Um projeto do Dnit já está em andamento para ampliar a pista entre o quilômetro 129, em Barra Funda, e o quilômetro 180, em Carazinho. Conforme o departamento, neste momento, o projeto se encontra na fase de levantamentos e estudos que vão embasar o seu dimensionamento. Não há previsão para o projeto ser concluído. É certo que as obras não iniciarão neste ano.
O órgão já sinalizou que pretende realizar um novo projeto no trecho restante da 386, com melhorias entre Barra Funda e Boa Vista das Missões. No entanto, o estudo de viabilidade não previu a duplicação.

Problemas na via
Questões estruturais ainda são pontos de atenção no trecho não concedido. As condições do asfalto variam ao longo do percurso. Em Carazinho e Sarandi, por exemplo, a pavimentação é boa, sem apresentar irregularidades significativas. Em outros trechos, principalmente após passar o perímetro urbano de Sarandi, a qualidade piora significativamente.
Um dos pontos que mais chama a atenção é no quilômetro 101, em São José das Missões, em que uma grande deformação obriga os motoristas a desviarem para a pista contrária em meio a uma curva. Para os caminhoneiros, o risco de acidente se torna ainda maior.

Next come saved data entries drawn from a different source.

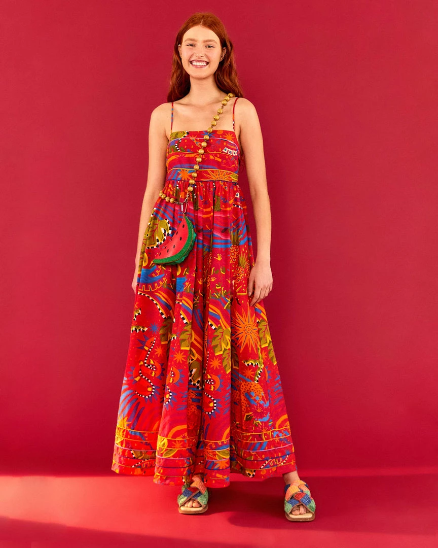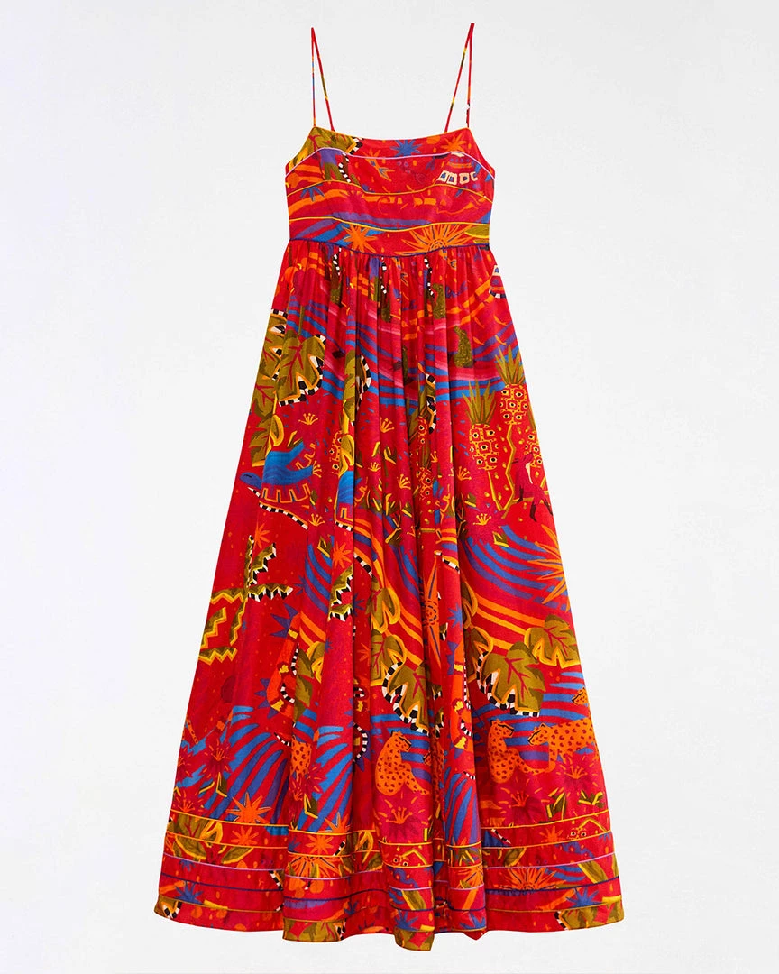 A wearable fairytale forest. This dress from Farm Rio has spaghetti straps, a fitted waist, and a maxi length.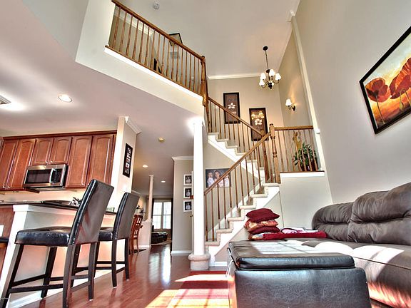 Everything you've been waiting for in renowned Meadow Creek offered at an unbeatable price! This gorgeous sun bathed 3 bed, 2.5 bath ''Purdue'' model with full finished daylight basement is located on one of the most sought after premium privacy lines in the community. Gleaming hardwood flooring on 1st floor, recessed lighting in every room, custom closets in every bedroom, kitchen with granite counters, 42'' cabinetry stainless appliances, 2 story family room with 3 sided fireplace, master bed with cathedral ceilings, his & her walk in closets, en suite bath with granite counter, whirlpool tub, double sinks and shower. The full finished basement offers plenty of extra living space plus a home theater. All AV equipment & retractable screen included!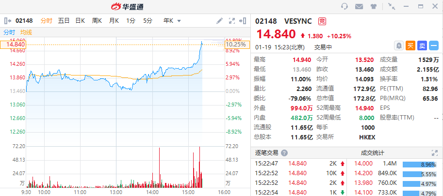 华盛资讯1月19日消息,小家电次新股VESYNC(02148)尾盘快速拉升,盘中涨幅超10%,突破历史高点。截至发稿,VESYNC涨10.25%,报14.848港元,成交额2.155亿港元,当前总市值达172.8亿港元。上市一个月,较发行价5.52港元累计涨近170%。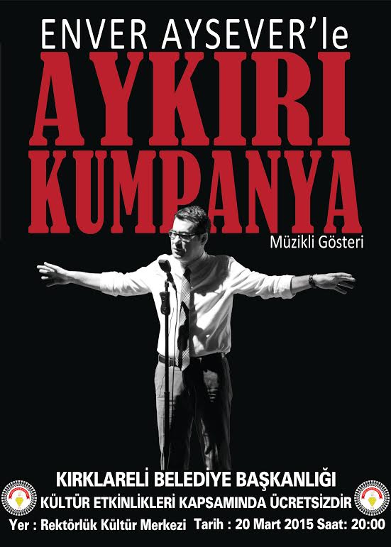 Yakın geçmişimizi şekillendiren sosyal ve siyasal olayları şiirle, edebiyatla, müzikle ve kayda geçmiş görüntülerle canlı bir belgesel tadında sahneye taşıyan Enver Aysever ‘’Aykırı Kumpanya’’ adlı gösterisi ile Kırklareli’ne geliyor.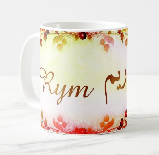 Mug avec le prénom Rym calligraphié en arabe ainsi que son écriture normale en arabe (ريم) et en français.

— A gente tem que desviar, às vezes fazer uma manobra perigosa. Tem muito risco de acidente — relata Oeliton Thais, que utiliza frequentemente esse trecho para transportar cargas.
O Dnit informou, em nota, que "mantém ativos contratos de manutenção e conservação na rodovia que permitem garantir boas condições de trafegabilidade. Nos últimos anos foram entregues mais de 50 quilômetros de restauração rodoviária, o que representa 50% do segmento".